● **How to complete this task**: Please return exactly the lines below that run from the line with "Une cuisine raffinée" through the end of the listing, both included, but not the pictures.
-------- Dataset section --------
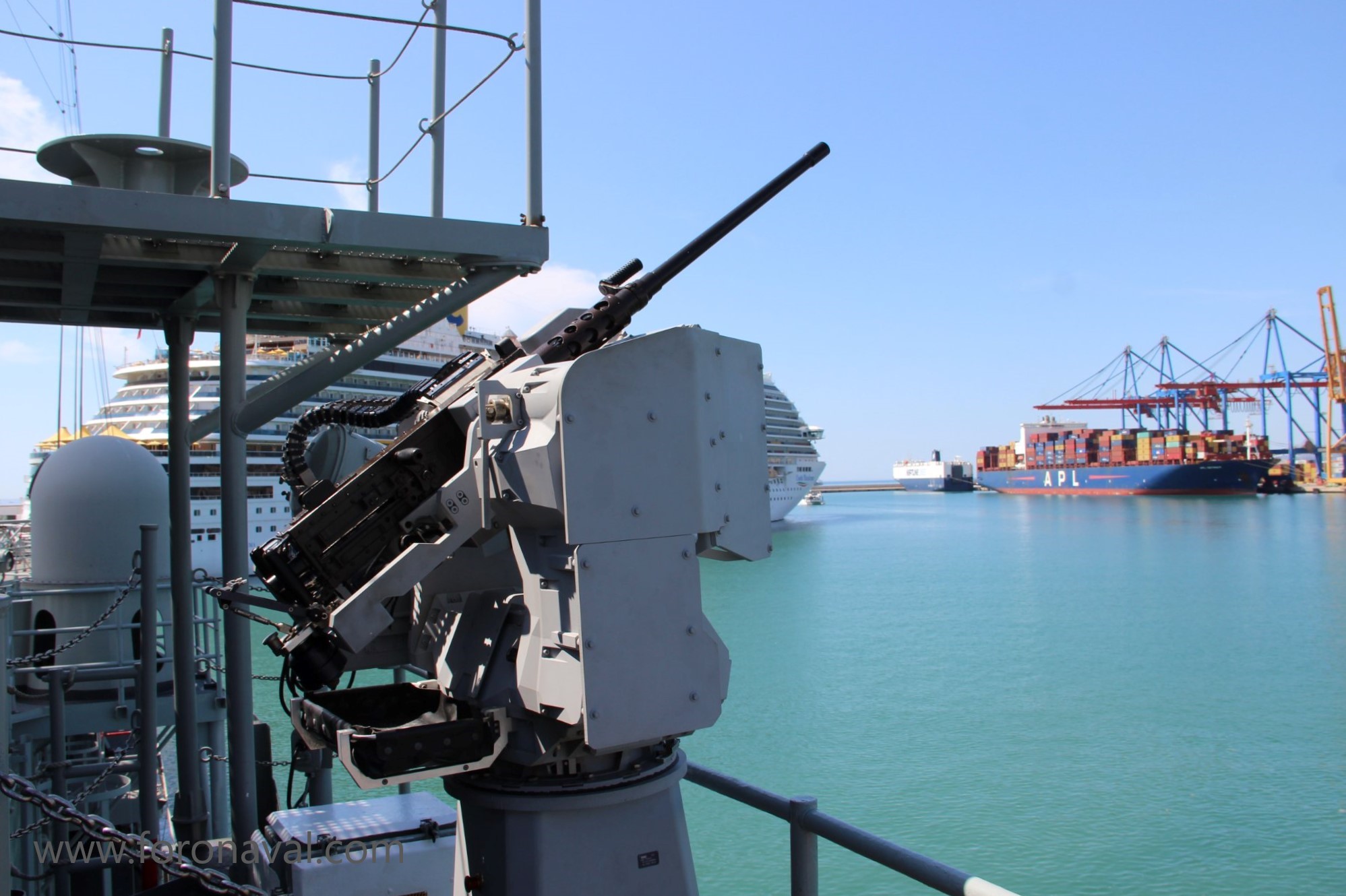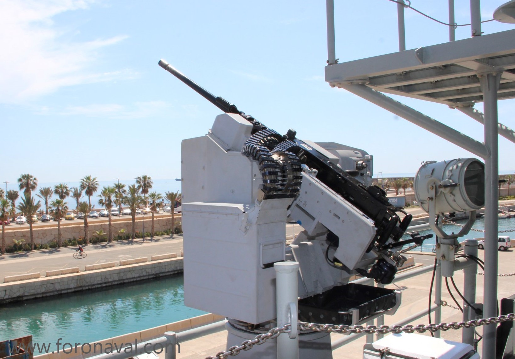 Como ya hemos visto, hasta ahora los buques de la Armada Española estaban equipados con varias ametralladoras Browning M2 de calibre 12,70 mm, junto a otras de menor calibre, como las famosas MG-3 de 7,62 mm, repartidas por varios puntos estratégicos de los buques, conocidos como “tinteros”, debiendo ser estas armas apuntadas manualmente “a ojo” por sus sirvientes, lo que limitaba considerablemente las operaciones nocturnas o con poca visibilidad. Además, los sirvientes debían también manejar el arma con su fuerza física para estabilizarla durante los disparos, por lo que la precisión podía variar considerablemente con las condiciones de la mar y el movimiento del buque propio.
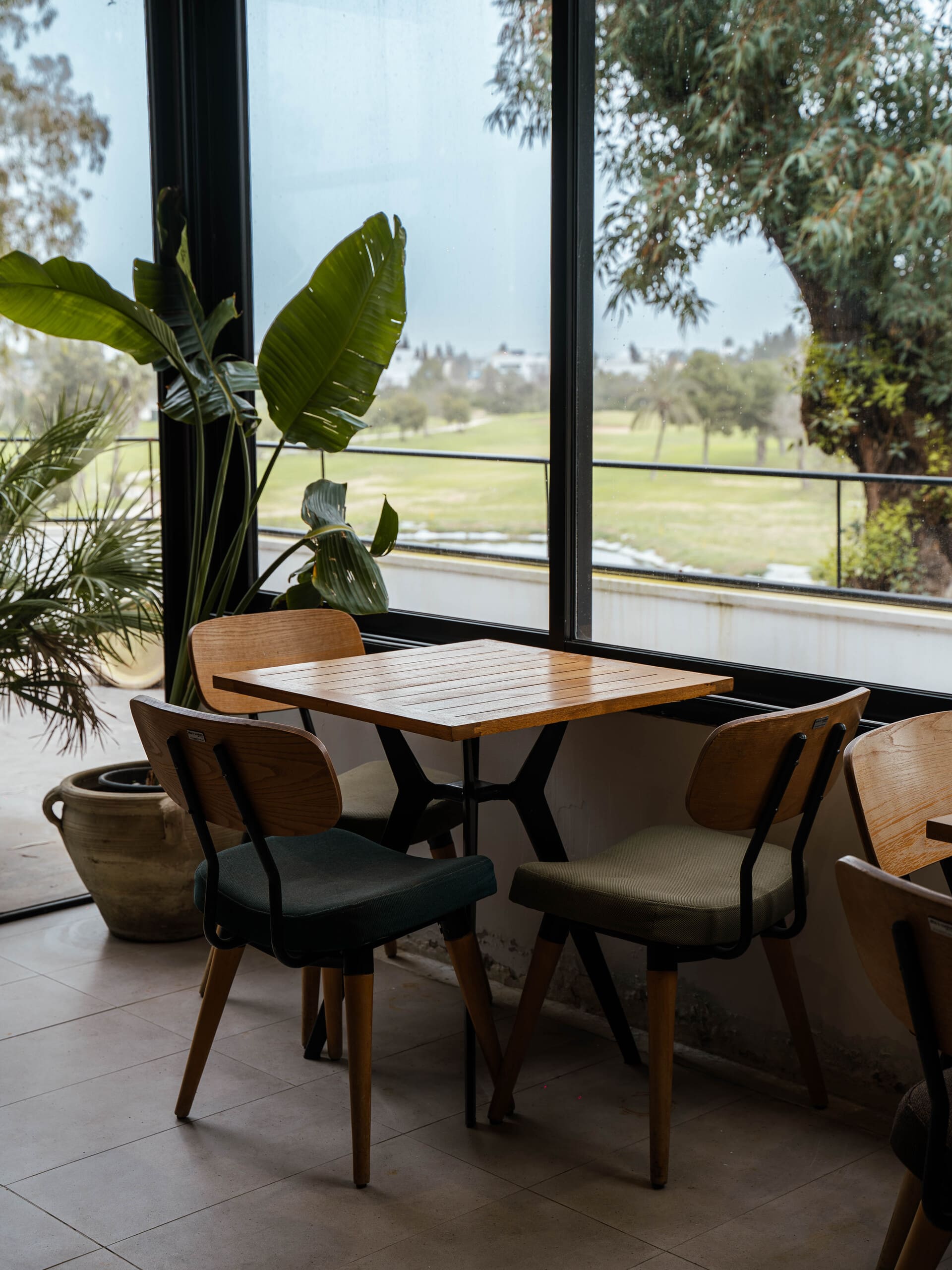Une cuisine raffinée avec vue panoramique sur le parcours, idéale pour un déjeuner ou un événement privé.
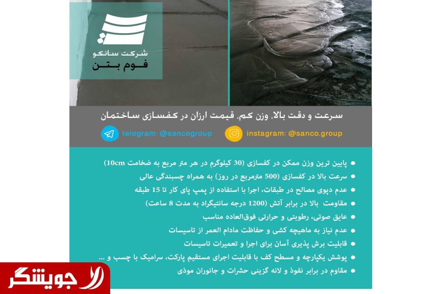 اجرای فوم بتن کف طبقات و شیب بندی پشت بام - شرکت سانکو
--------
● **Result of the exercise**:
Une cuisine raffinée avec vue panoramique sur le parcours, idéale pour un déjeuner ou un événement privé.
 اجرای فوم بتن کف طبقات و شیب بندی پشت بام - شرکت سانکو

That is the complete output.